## Task requirements
Can you transcribe every entry word for word, skipping the images?
Input Block Start
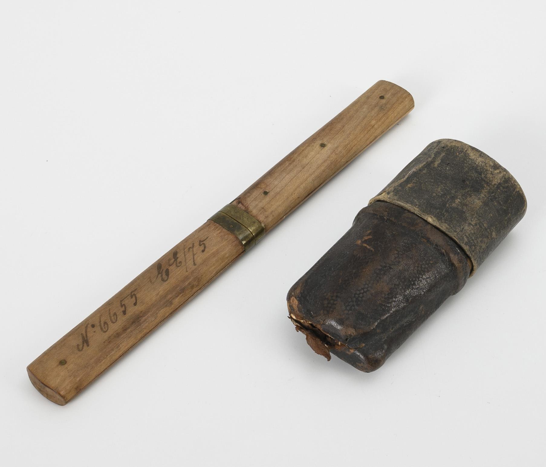 Lederetui mit Passdeckel und Resten einer Schlangenhautpunzierung; innen 3 Fächer. Kleines Klappbesteck (Messer und Gabel) mit Horn-Heftschalen und vegetabil reliefierten Beschlägen. / Gegenseitig in die Holzhefte eingeschobenes Besteck. Auf dem Holz handgeschriebene Nr. von dem Handelshaus Adolph Fuchs in Schmalkalden. Barockes Besteck mit Alters-/Gebrauchsspuren. / 1 Holzgriff mit geringem Abplatzer.
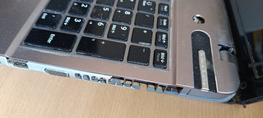 Napake: poceno ohisje in tipka za vklop, hrescijo zvocniki (harman kardon), osvetlitev in tipkovnica ter ekran delujejo bp, nima pa baterije zadaj, je stalno na polnilcu.
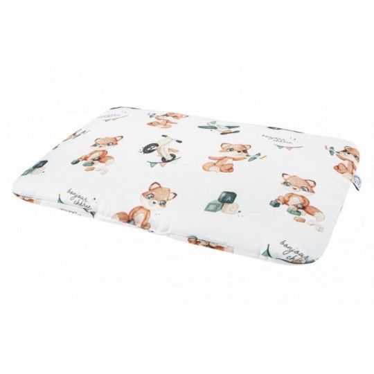 Płaska poduszka wykonana jest z wysokogatunkowej 100% przędzy bambusowej. Bambus ze względu na swe właściwości będzie idealnym rozwiązaniem dla noworodków oraz alergików. Posiada właściwości antyalergiczne, antybakteryjne, antygrzybiczne oraz samosterylizujące. Ma bardzo dobrą absorpcje wody, dużo lepszą niż bawełna. Bardzo szybko schnie! Chroni przed promieniami UV oraz posiada właściwości termoregulujące - utrzymuje temperaturę o 2 stopnie niższą niż temperatura otoczenia. Środek poduszki wypełniony jest antyalergiczną włókniną wysokopuszystą silikonową - zapewnia ona dziecku ciepło oraz wygodę podczas użytkowania. Poduszka idealnie sprawdza się do łóżeczka, na popołudniową drzemkę w przedszkolu, a także jako ulubiona poduszka na wszelkie wyjazdy. Produkty Bonjour Cherie są szyte ręcznie w Polsce z najwyższą starannością i dbałością o szczegóły, z tkanin najwyższej jakości dając długoletnią przyjemność z użytkowania. Kołderkę można skompletować z różnymi produktami marki Bonjour Cherie tworząc niepowtarzalną, bajecznie kolorową aranżację wózka, czy też pokoiku Twojego Maluszka. Doskonale też sprawdza się w formie stylowego prezentu dla dziecka, na baby shower i każdą inną miłą okazję. Wypełnienie jest wszywane do tkanin zewnętrznych, dzięki temu nie przemieszcza się podczas użytkowania i w praniu. Bambus, nadruk i włóknina posiadają Certyfikat OEKO-TEX 100 klasa I. Zdjęcie może odbiegać kolorystycznie od wyglądu rzeczywistego produktu, z uwagi na ustawienia monitora. Produkt należy stosować pod opieką rodzica. Zaleca się pranie przed pierwszym użyciem. W wyniku intensywnego użytkowania i częstego prania produkty bambusowe mogą ulec naturalnemu zużyciu - tkanina może się zaciągnąć lub ulegać zmechaceniu. Tego typu zużycie nie stanowi podstawy do reklamacji.
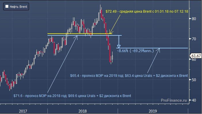 Если рассчитать среднюю цену Brent с начала 2018 года по 7 декабря, получится $72.49 за баррель. Это на 1.24% выше прогноза МЭР средней цены нефти в 2018 году, который еще не закончился.
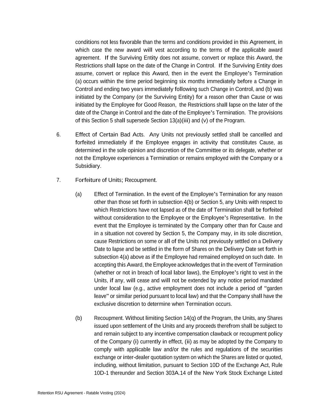 Retention RSU Agreement - Ratable Vesting (2024) conditions not less favorable than the terms and conditions provided in this Agreement, in which case the new award will vest according to the terms of the applicable award agreement. If the Surviving Entity does not assume, convert or replace this Award, the Restrictions shall lapse on the date of the Change in Control. If the Surviving Entity does assume, convert or replace this Award, then in the event the Employee’s Termination (a) occurs within the time period beginning six months immediately before a Change in Control and ending two years immediately following such Change in Control, and (b) was initiated by the Company (or the Surviving Entity) for a reason other than Cause or was initiated by the Employee for Good Reason, the Restrictions shall lapse on the later of the date of the Change in Control and the date of the Employee’s Termination. The provisions of this Section 5 shall supersede Section 13(a)(iii) and (v) of the Program. 6. Effect of Certain Bad Acts. Any Units not previously settled shall be cancelled and forfeited immediately if the Employee engages in activity that constitutes Cause, as determined in the sole opinion and discretion of the Committee or its delegate, whether or not the Employee experiences a Termination or remains employed with the Company or a Subsidiary. 7. Forfeiture of Units; Recoupment. (a) Effect of Termination. In the event of the Employee’s Termination for any reason other than those set forth in subsection 4(b) or Section 5, any Units with respect to which Restrictions have not lapsed as of the date of Termination shall be forfeited without consideration to the Employee or the Employee’s Representative. In the event that the Employee is terminated by the Company other than for Cause and in a situation not covered by Section 5, the Company may, in its sole discretion, cause Restrictions on some or all of the Units not previously settled on a Delivery Date to lapse and be settled in the form of Shares on the Delivery Date set forth in subsection 4(a) above as if the Employee had remained employed on such date. In accepting this Award, the Employee acknowledges that in the event of Termination (whether or not in breach of local labor laws), the Employee’s right to vest in the Units, if any, will cease and will not be extended by any notice period mandated under local law (e.g., active employment does not include a period of “garden leave” or similar period pursuant to local law) and that the Company shall have the exclusive discretion to determine when Termination occurs. (b) Recoupment. Without limiting Section 14(q) of the Program, the Units, any Shares issued upon settlement of the Units and any proceeds therefrom shall be subject to and remain subject to any incentive compensation clawback or recoupment policy of the Company (i) currently in effect, (ii) as may be adopted by the Company to comply with applicable law and/or the rules and regulations of the securities exchange or inter-dealer quotation system on which the Shares are listed or quoted, including, without limitation, pursuant to Section 10D of the Exchange Act, Rule 10D-1 thereunder and Section 303A.14 of the New York Stock Exchange Listed
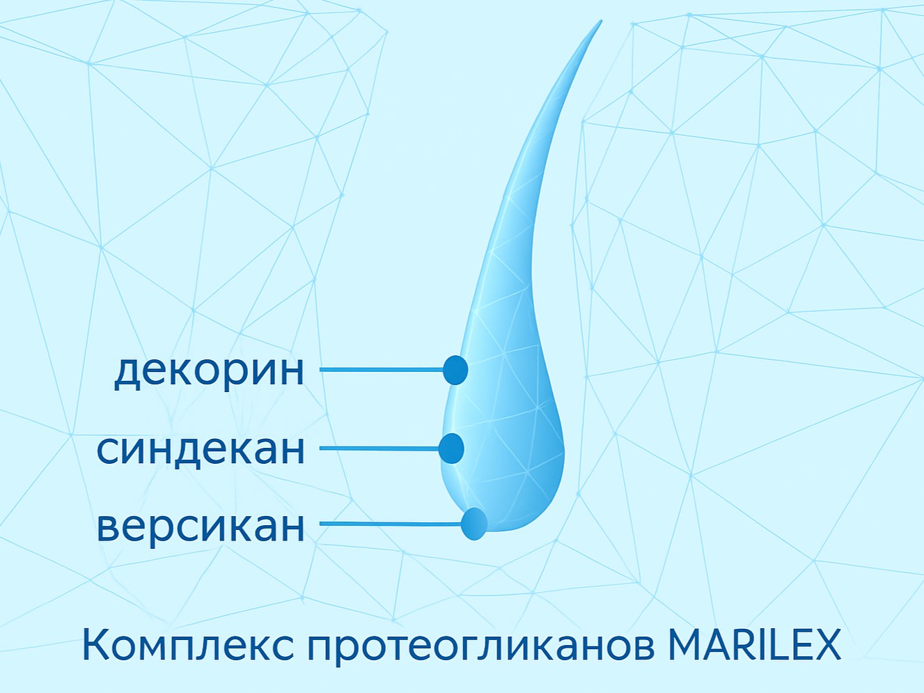 Marilex® - запатентованный морской комплекс, который, по заявлению производителя, помогает продлить фазу роста волос (анаген) и поддерживать нормальный цикл роста. Marilex содержит концентрированную комбинацию специфичных для волос белков протеогликанов: версикан, декорин и синдекан. Эти биоактивные макромолекулы всасываются эндоцитозом из тонкого кишечника и воздействуют на реплицирующиеся части волосяных фолликулов, т. е. участвуют в формировании и поддержании жизненного цикла волосяных фолликулов кожи головы.
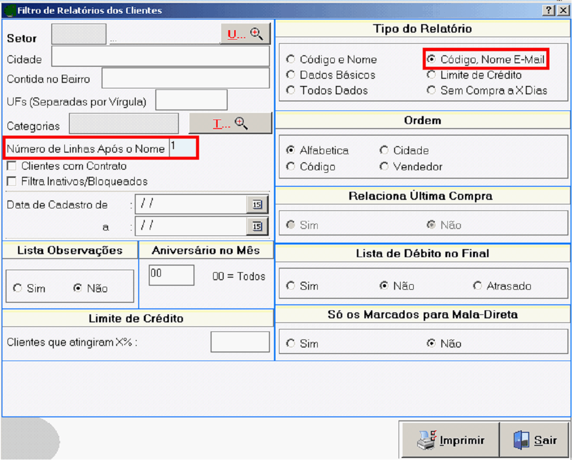 Relação em quantidade de linhas a serem dadas de espaçamento depois do nome de cada cliente, pode ser impresso em Ordem Alfabética, em Ordem de Código, Ordem de Cidades e Ordem de Vendedor. Ex: 1 lanha após o nome em Ordem Alfabépica.
Input Block End
## Finished exercise
 Lederetui mit Passdeckel und Resten einer Schlangenhautpunzierung; innen 3 Fächer. Kleines Klappbesteck (Messer und Gabel) mit Horn-Heftschalen und vegetabil reliefierten Beschlägen. / Gegenseitig in die Holzhefte eingeschobenes Besteck. Auf dem Holz handgeschriebene Nr. von dem Handelshaus Adolph Fuchs in Schmalkalden. Barockes Besteck mit Alters-/Gebrauchsspuren. / 1 Holzgriff mit geringem Abplatzer.
 Napake: poceno ohisje in tipka za vklop, hrescijo zvocniki (harman kardon), osvetlitev in tipkovnica ter ekran delujejo bp, nima pa baterije zadaj, je stalno na polnilcu.
 Płaska poduszka wykonana jest z wysokogatunkowej 100% przędzy bambusowej. Bambus ze względu na swe właściwości będzie idealnym rozwiązaniem dla noworodków oraz alergików. Posiada właściwości antyalergiczne, antybakteryjne, antygrzybiczne oraz samosterylizujące. Ma bardzo dobrą absorpcje wody, dużo lepszą niż bawełna. Bardzo szybko schnie! Chroni przed promieniami UV oraz posiada właściwości termoregulujące - utrzymuje temperaturę o 2 stopnie niższą niż temperatura otoczenia. Środek poduszki wypełniony jest antyalergiczną włókniną wysokopuszystą silikonową - zapewnia ona dziecku ciepło oraz wygodę podczas użytkowania. Poduszka idealnie sprawdza się do łóżeczka, na popołudniową drzemkę w przedszkolu, a także jako ulubiona poduszka na wszelkie wyjazdy. Produkty Bonjour Cherie są szyte ręcznie w Polsce z najwyższą starannością i dbałością o szczegóły, z tkanin najwyższej jakości dając długoletnią przyjemność z użytkowania. Kołderkę można skompletować z różnymi produktami marki Bonjour Cherie tworząc niepowtarzalną, bajecznie kolorową aranżację wózka, czy też pokoiku Twojego Maluszka. Doskonale też sprawdza się w formie stylowego prezentu dla dziecka, na baby shower i każdą inną miłą okazję. Wypełnienie jest wszywane do tkanin zewnętrznych, dzięki temu nie przemieszcza się podczas użytkowania i w praniu. Bambus, nadruk i włóknina posiadają Certyfikat OEKO-TEX 100 klasa I. Zdjęcie może odbiegać kolorystycznie od wyglądu rzeczywistego produktu, z uwagi na ustawienia monitora. Produkt należy stosować pod opieką rodzica. Zaleca się pranie przed pierwszym użyciem. W wyniku intensywnego użytkowania i częstego prania produkty bambusowe mogą ulec naturalnemu zużyciu - tkanina może się zaciągnąć lub ulegać zmechaceniu. Tego typu zużycie nie stanowi podstawy do reklamacji.
 Если рассчитать среднюю цену Brent с начала 2018 года по 7 декабря, получится $72.49 за баррель. Это на 1.24% выше прогноза МЭР средней цены нефти в 2018 году, который еще не закончился.
 Retention RSU Agreement - Ratable Vesting (2024) conditions not less favorable than the terms and conditions provided in this Agreement, in which case the new award will vest according to the terms of the applicable award agreement. If the Surviving Entity does not assume, convert or replace this Award, the Restrictions shall lapse on the date of the Change in Control. If the Surviving Entity does assume, convert or replace this Award, then in the event the Employee’s Termination (a) occurs within the time period beginning six months immediately before a Change in Control and ending two years immediately following such Change in Control, and (b) was initiated by the Company (or the Surviving Entity) for a reason other than Cause or was initiated by the Employee for Good Reason, the Restrictions shall lapse on the later of the date of the Change in Control and the date of the Employee’s Termination. The provisions of this Section 5 shall supersede Section 13(a)(iii) and (v) of the Program. 6. Effect of Certain Bad Acts. Any Units not previously settled shall be cancelled and forfeited immediately if the Employee engages in activity that constitutes Cause, as determined in the sole opinion and discretion of the Committee or its delegate, whether or not the Employee experiences a Termination or remains employed with the Company or a Subsidiary. 7. Forfeiture of Units; Recoupment. (a) Effect of Termination. In the event of the Employee’s Termination for any reason other than those set forth in subsection 4(b) or Section 5, any Units with respect to which Restrictions have not lapsed as of the date of Termination shall be forfeited without consideration to the Employee or the Employee’s Representative. In the event that the Employee is terminated by the Company other than for Cause and in a situation not covered by Section 5, the Company may, in its sole discretion, cause Restrictions on some or all of the Units not previously settled on a Delivery Date to lapse and be settled in the form of Shares on the Delivery Date set forth in subsection 4(a) above as if the Employee had remained employed on such date. In accepting this Award, the Employee acknowledges that in the event of Termination (whether or not in breach of local labor laws), the Employee’s right to vest in the Units, if any, will cease and will not be extended by any notice period mandated under local law (e.g., active employment does not include a period of “garden leave” or similar period pursuant to local law) and that the Company shall have the exclusive discretion to determine when Termination occurs. (b) Recoupment. Without limiting Section 14(q) of the Program, the Units, any Shares issued upon settlement of the Units and any proceeds therefrom shall be subject to and remain subject to any incentive compensation clawback or recoupment policy of the Company (i) currently in effect, (ii) as may be adopted by the Company to comply with applicable law and/or the rules and regulations of the securities exchange or inter-dealer quotation system on which the Shares are listed or quoted, including, without limitation, pursuant to Section 10D of the Exchange Act, Rule 10D-1 thereunder and Section 303A.14 of the New York Stock Exchange Listed
 Marilex® - запатентованный морской комплекс, который, по заявлению производителя, помогает продлить фазу роста волос (анаген) и поддерживать нормальный цикл роста. Marilex содержит концентрированную комбинацию специфичных для волос белков протеогликанов: версикан, декорин и синдекан. Эти биоактивные макромолекулы всасываются эндоцитозом из тонкого кишечника и воздействуют на реплицирующиеся части волосяных фолликулов, т. е. участвуют в формировании и поддержании жизненного цикла волосяных фолликулов кожи головы.
 Relação em quantidade de linhas a serem dadas de espaçamento depois do nome de cada cliente, pode ser impresso em Ordem Alfabética, em Ordem de Código, Ordem de Cidades e Ordem de Vendedor. Ex: 1 lanha após o nome em Ordem Alfabépica.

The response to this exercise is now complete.